Bug 597836 (CVE-2016-5287, CVE-2016-5288)

Summary:	<www-client/{firefox,firefox-bin}-50.0: use after free and cache infoleak (CVE-2016-{5287,5288})
Product:	Gentoo Security	Reporter:	Hanno Böck <hanno>
Component:	Vulnerabilities	Assignee:	Gentoo Security <security>
Status:	RESOLVED FIXED
Severity:	trivial	CC:	ab4bd, mozilla, phmagic, salikov.alexey
Priority:	Normal
Version:	unspecified
Hardware:	All
OS:	Linux
Whiteboard:	~2 [noglsa]
Package list:		Runtime testing required:	---

Description Hanno Böck gentoo-dev

2016-10-22 23:30:44 UTC

There are several media reports about a severe mozilla firefox vulnerability.
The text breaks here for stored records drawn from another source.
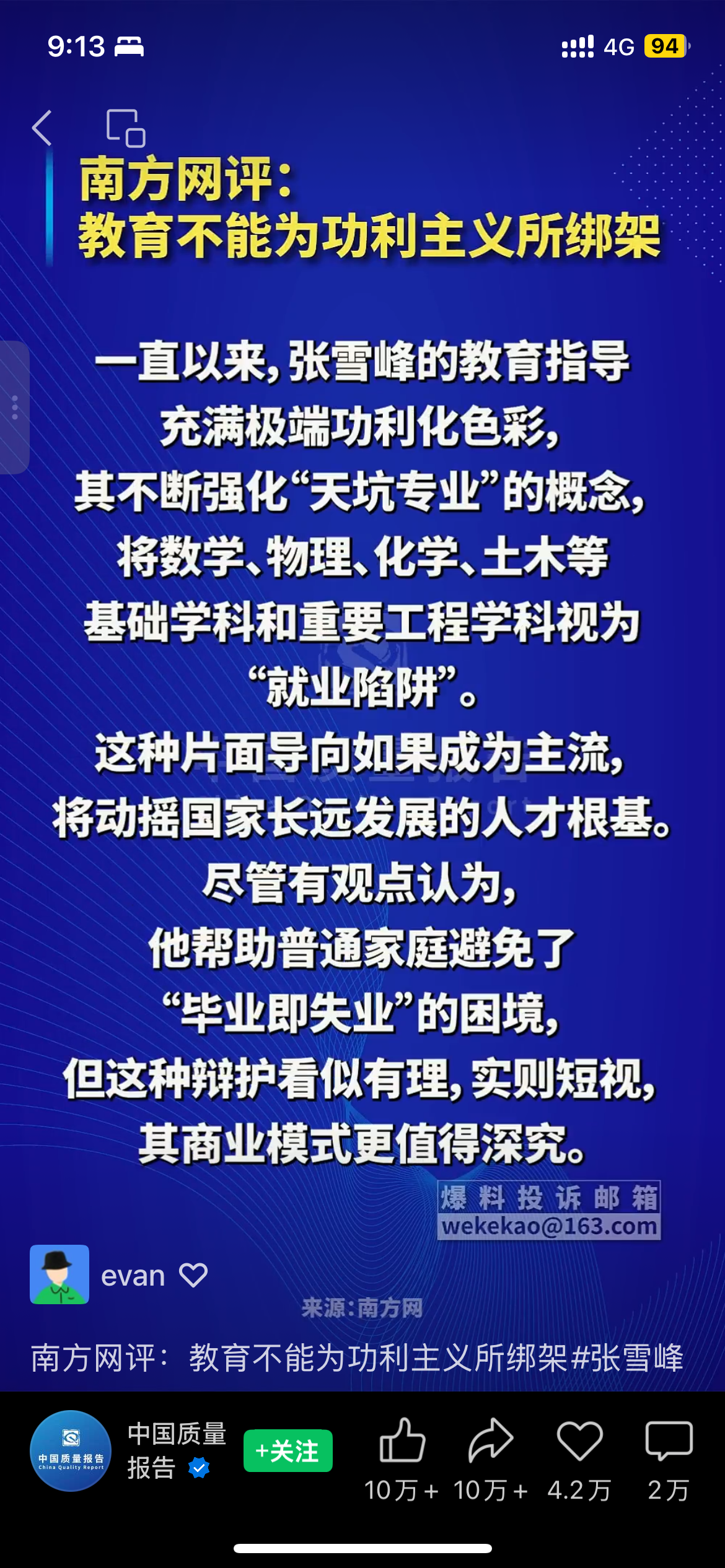 张雪峰这段通报让我想起了中学时期我的老师和校长经常对我说的一段话:你一个人看小说不要紧,那要是全校学生都看小说,那不完了吗?
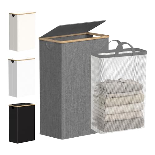 iEGrow Slim Laundry Basket with Lid 60L, Washing Basket with Bamboo Handle and Lid, Foldable Laundry Baskets for Drity Cloth Toys Towels Storage with Removable and Washable Inner Bag (Grey)
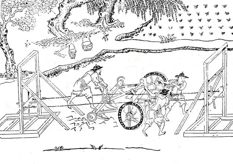 明代文人王徵撰写的《代耕图说》详细介绍了人力耕地机,并配有插图。耕地机由“人”字形木架、辘轳、犁、绳索、铁环等组成,操作时需要3人协同合作。一人负责转动橛木将绳索收紧缠绕在辘轳上,以此带动耕犁前行犁地;另一人负责向相同方向转动橛木以放出缠绕在辘轳上的绳索;第三个人负责保证耕犁不倒,控制犁铧切入泥土的角度和深度,以掌控耕地的效果。虽然需要3个人操作,但在灾荒之年,或牛畜缺乏人力剩余的情况下,这样的机器却能解决无法耕地的困难,并取得良好的耕地效果。
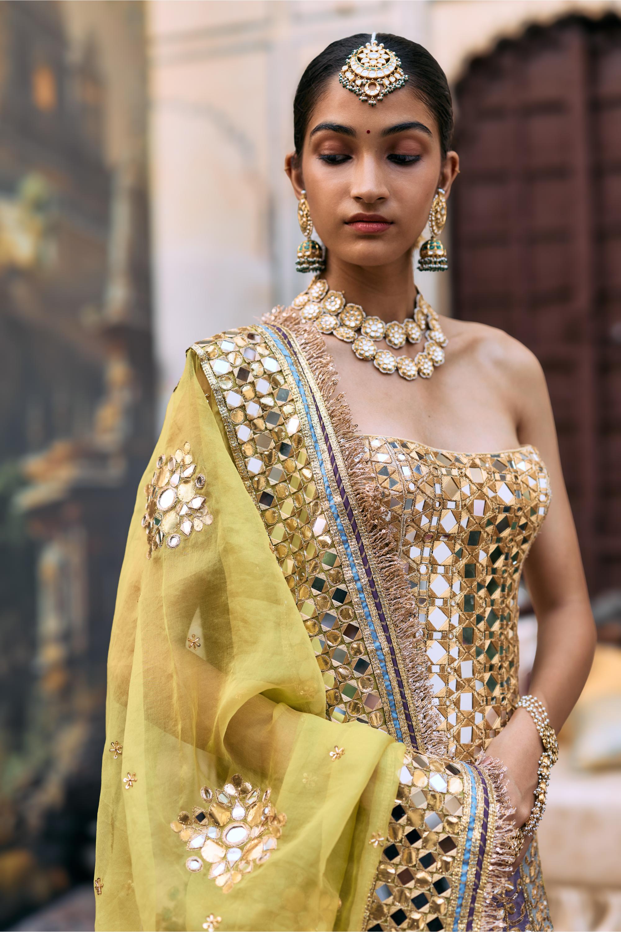 Components: 3 pieces (Lehenga, corset, dupatta)
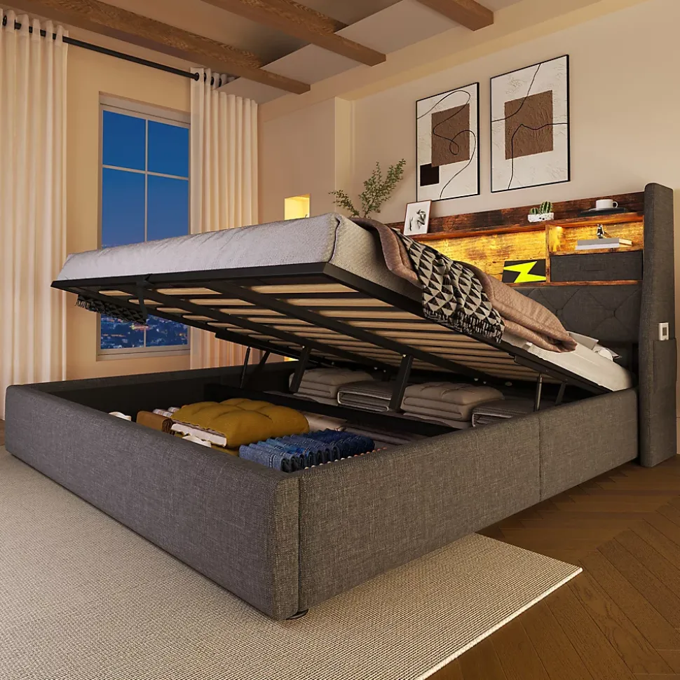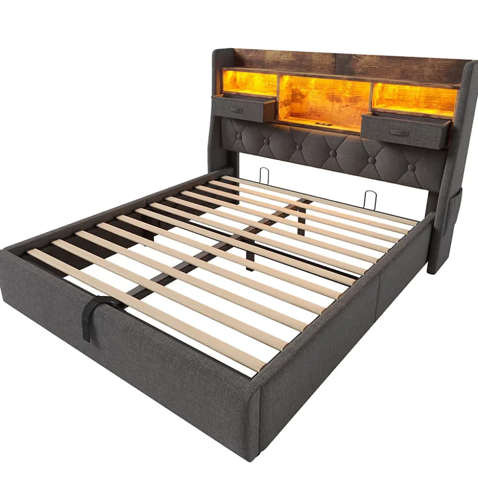 Design & styleCe lit 140×200 cm présente un style rétro élégant avec larges flancs courbés et dossier capitonné. La tête de lit intègre une étagère au ton chaleureux et un revêtement en tissu lin gris, conçu pour s’harmoniser avec de nombreux intérieurs. Dimensions totales du cadre : 221 x 152,5 x 116 cm.Fonctionnalité & rangement Mécanisme hydraulique pour un accès facile au grand coffre de rangement sous le sommier, sangles d’ouverture incluses. Rangements complémentaires : étagère de tête, tiroir en tissu et poches latérales pour smartphone, livres et accessoires. Sommier à lattes intégré et deux butées en U au niveau de la tête pour maintenir la matelas (matelas non fourni).Éclairage & connectivitéBandes led intégrées offrant plus de 60 000 couleurs, pilotables via application ou télécommande ; mode musique synchronisant l’éclairage au rythme. Tête de lit équipée de 3 ports USB (dont 1 charge rapide) et 1 port Type‑C pour recharger smartphones et tablettes.Matériaux & soliditéRevêtement en tissu lin gris, lattes massives et pieds métalliques assurent une bonne stabilité et une capacité d’usage durable. Structure renforcée et pièces de fixation prévues pour une pose sécurisée ; charge utilisateur maximale recommandée : 181 kg.Installation & livraisonMontage requis, deux personnes conseillées. Le produit est livré en 2 colis (possibilité d’arrivée séparée). Notice et outillage fournis dans l’emballage. En cas de pièces manquantes, contacter le service client. Entretien : nettoyer avec un chiffon humide et un détergent doux, puis essuyer à sec.
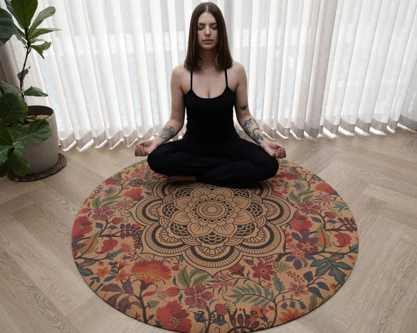 Premium Round Cork Yoga Mat – Ornamental Mandala 135cms
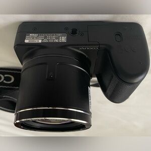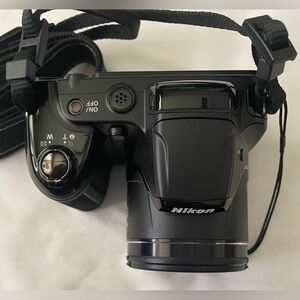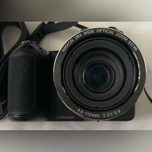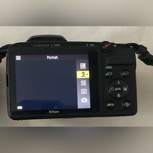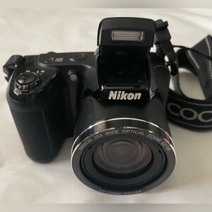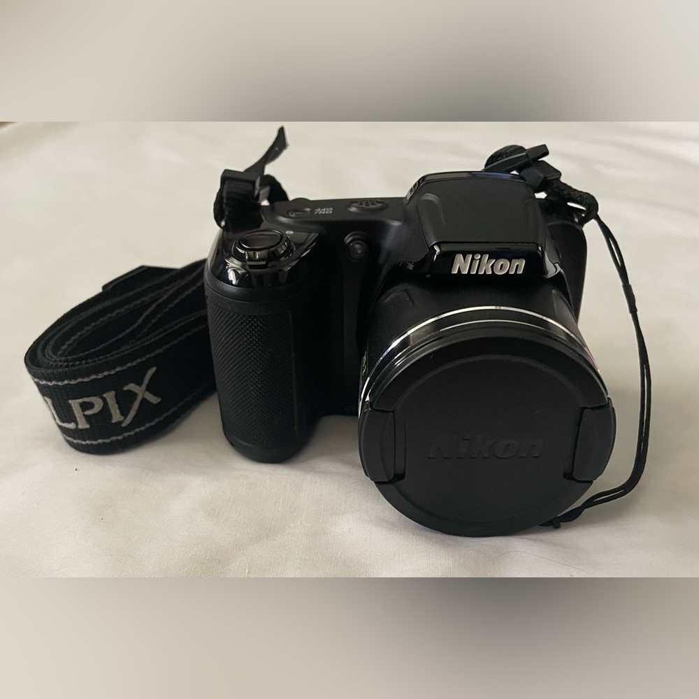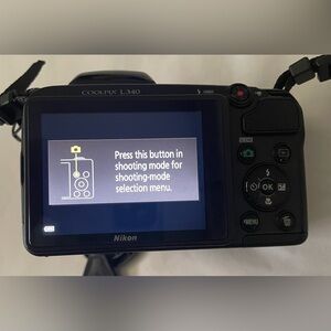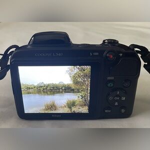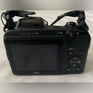The Nikon Coolpix L340 features a powerful 28x optical zoom lens (equivalent) and 720p HD video capability. It is designed for beginners, offering easy-to-use controls, 16 scene modes, and effective vibration reduction (VR) for steady, long-distance shots.
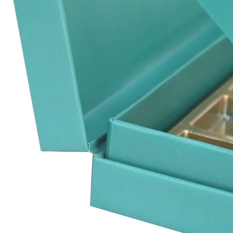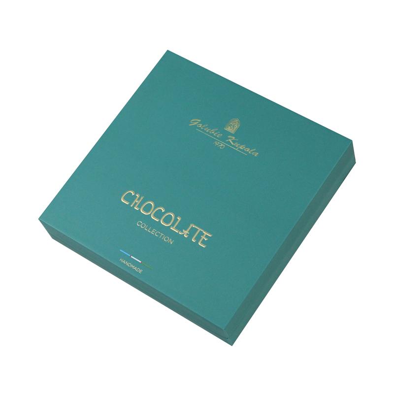3. مادة الصندوق: ورق خاص أخضر 120 جرامًا للمتر المربع + ورق مقوى رمادي 2 مم + حشوة نفطة + ورق شوكولاتة أسود
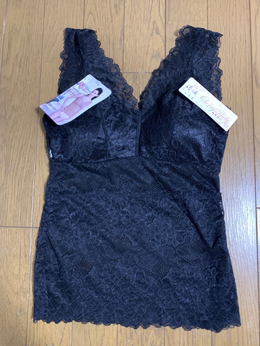 - 総レース パット入り タンクトップ インナー M〜Lサイズ エレガントデザイン ブラック キャミソール 下着 黒
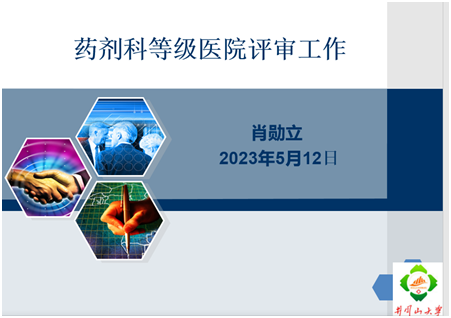 5月12日下午,药剂科在线上举办了科室等级医院评审培训会议,药剂科肖勋立主任主要针对前段时间带队前往南大一附院、江西省人民医院等级医院评审学习的体会,与科室全体药剂人员进行了分享。主要培训内容为药剂科应知应会、安全用药管理、临床药师日常工作、特殊药品(如麻精药品、急救药品等)的管理等。本次培训既浓郁了科室迎评创建的氛围,也切实提高了迎检水平。同时不断强化了药剂科以病人为中心的服务意识,提升了药剂科的整体管理水平,进一步促进了药剂科的学科建设与发展。
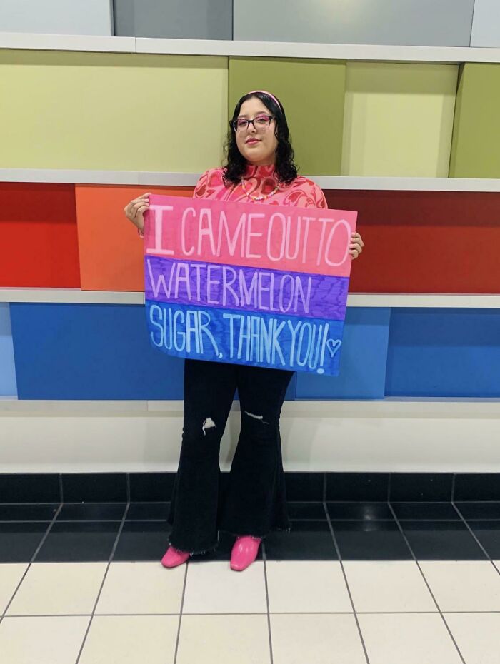 When I Came Out To My Dad, Watermelon Sugar By Harry Styles Was Playing On The Radio. I Saw Harry Perform 2 Weeks Later, So I Made A Poster About It
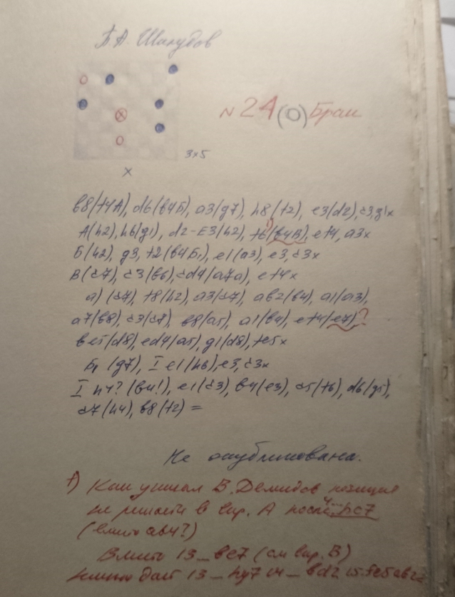 It is also quite likely that the Plagiarist spied on the old idea of ​​a strike from the cell " c3 " by the master Anatoly Kovrizhkin (the book of the author "combinations on a hundred-celk board, "Moscow, Physical Culture and Sport, 1963).
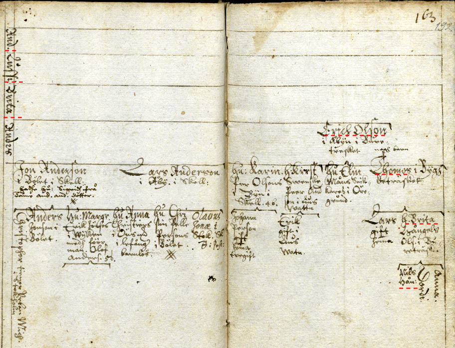 År 1543 hade Jon Olsson 4 spannland åker (0,6 hektar) samt 4 lass äng. På gården fanns 1553 5 kor. Brodern Jakob Olsson hade 1539-1558 ett hemman. År 1543 hade han 2, spannland åker (0,4 hektar) samt 3 lass äng. Han hade 2 kor 1553. Jakob Olsson dog som ung enligt Bureus. Hustru Kerstin ägde gården i tiondelängderna 1559-1560. Jon Olssons gård var 1559 på 5 markland och 2½ öresland. Nu hade Jakob Olssons hemman återgått till Jon Olssons. Vid Älvsborgs lösen 1571 hade Jon Olsson 5 mark koppar, 6 kor, 8 får, 2 svin samt 1 sto för 6 mark och 2 öre. Egendomen värderades till 80 mark och 5 öre.(sid 384)
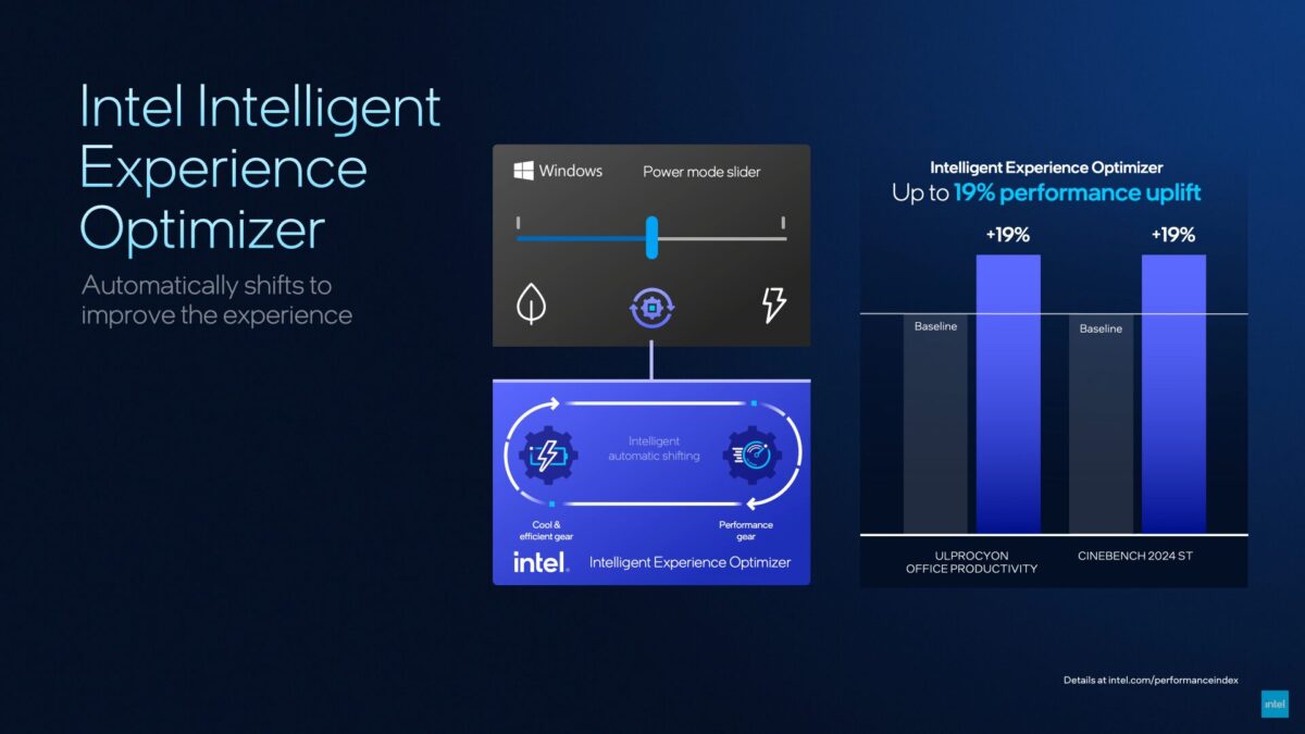 画像はIntel公式動画より引用従来のWindowsのパワースライダー(パフォーマンス優先/バランスなど)は静的で、手動で切り替える必要がありました。そこで、電力管理技術のIEOの登場です。
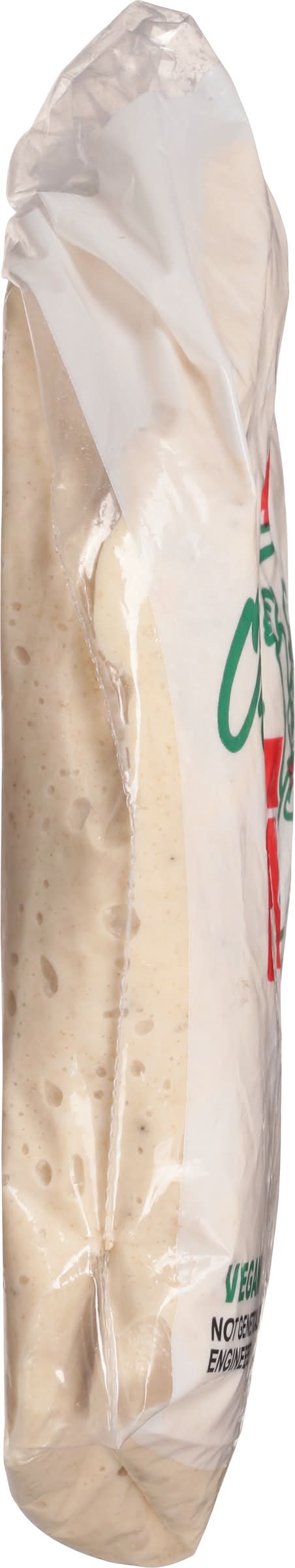 Ingredients: Enriched Wheat Flour (Wheat Flour, Niacin, Reduced Iron, Amylase, Ascorbic Acid, Thiamine Mononitrate, Riboflavin, Folic Acid), Water, Olive Oil, Salt, Yeast, Sugar Contains: Wheat
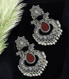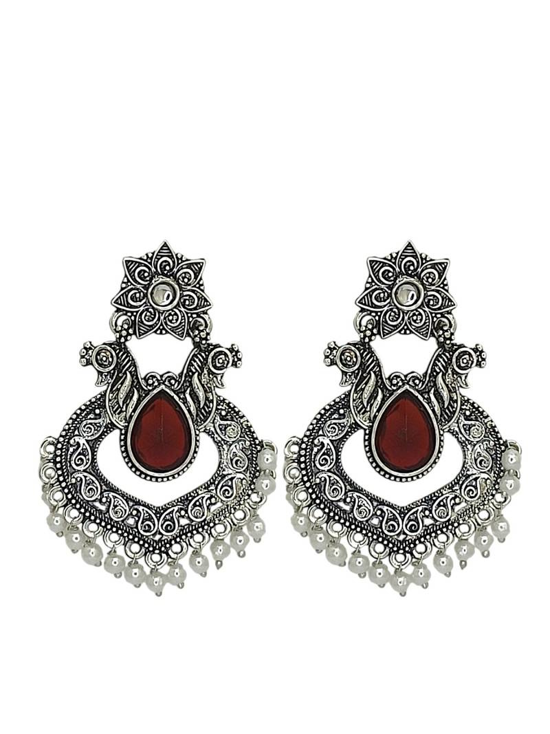 | Product Description | Silver Oxidised Peacock Design Chandbali Studded With Red Stones And Beads. Secured With Post And Back Closure.
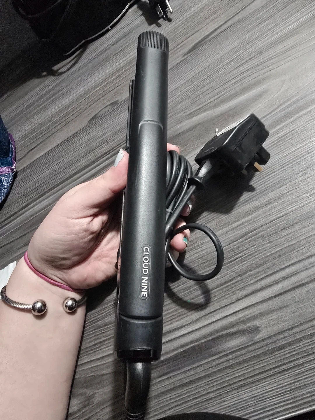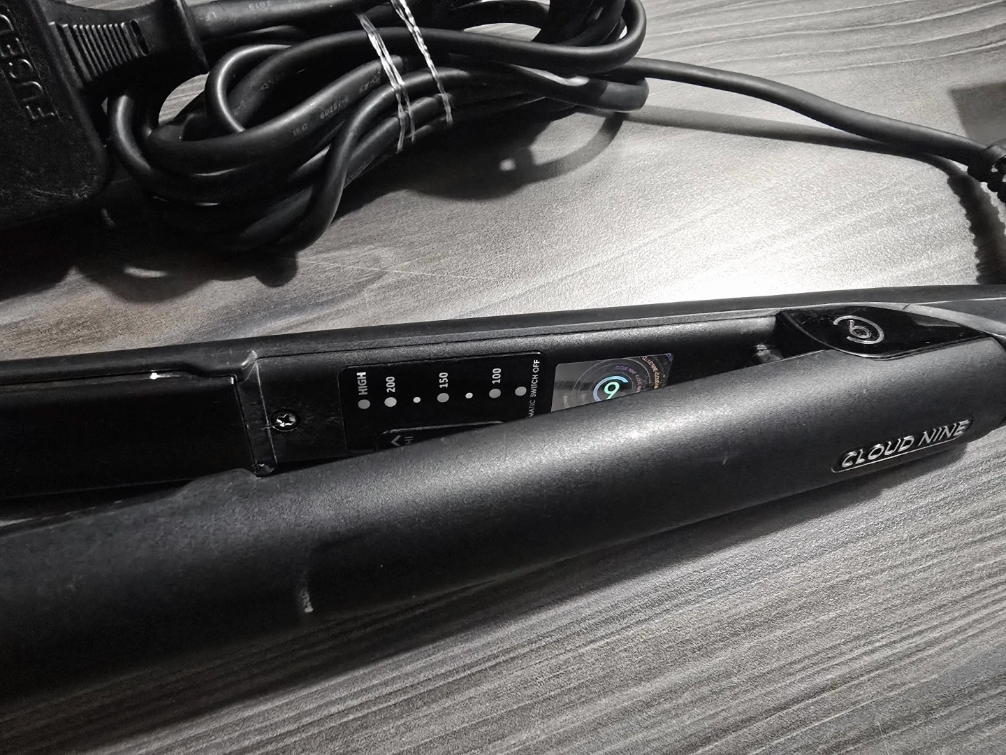 This is a black Cloud Nine hair straightener. It features adjustable temperature settings for different hair types. It's a great tool for achieving smooth and styled hair quickly!
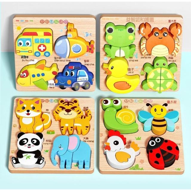 3D立體動物拼圖 寶寶拼圖 早教拼圖 拼圖玩具 益智拼圖 兒童拼圖 啟蒙玩具 木質拼圖 兒童動物交通拼圖

It's a bit mysterious, because they refer to a security advisory that currently does not exist (gives 404):
https://www.mozilla.org/en-US/security/advisories/mfsa2016-87/
It can be accessed through the google cache:
https://webcache.googleusercontent.com/search?q=cache:jXqm_dI5qI0J:https://www.mozilla.org/en-US/security/advisories/mfsa2016-87/+&cd=1&hl=de&ct=clnk&gl=de
and mirrored here:
http://www.securitytracker.com/id/1037077

Here are some references:
https://www.us-cert.gov/ncas/current-activity/2016/10/20/Mozilla-Releases-Security-Update-Firefox
http://www.t-online.de/computer/sicherheit/id_79329446/firefox-49-0-2-mozilla-veroeffentlicht-update-ausserplanmaessig.html
http://www.scmagazine.com/mozilla-patches-two-firefox-vulnerabilities/article/567354/

Please bump.

Comment 1 Thomas Deutschmann (RETIRED) gentoo-dev

2016-12-10 20:52:01 UTC

These bugs only affect our unstable firefox package. First version containing the fixes which landed in repository was v50.0.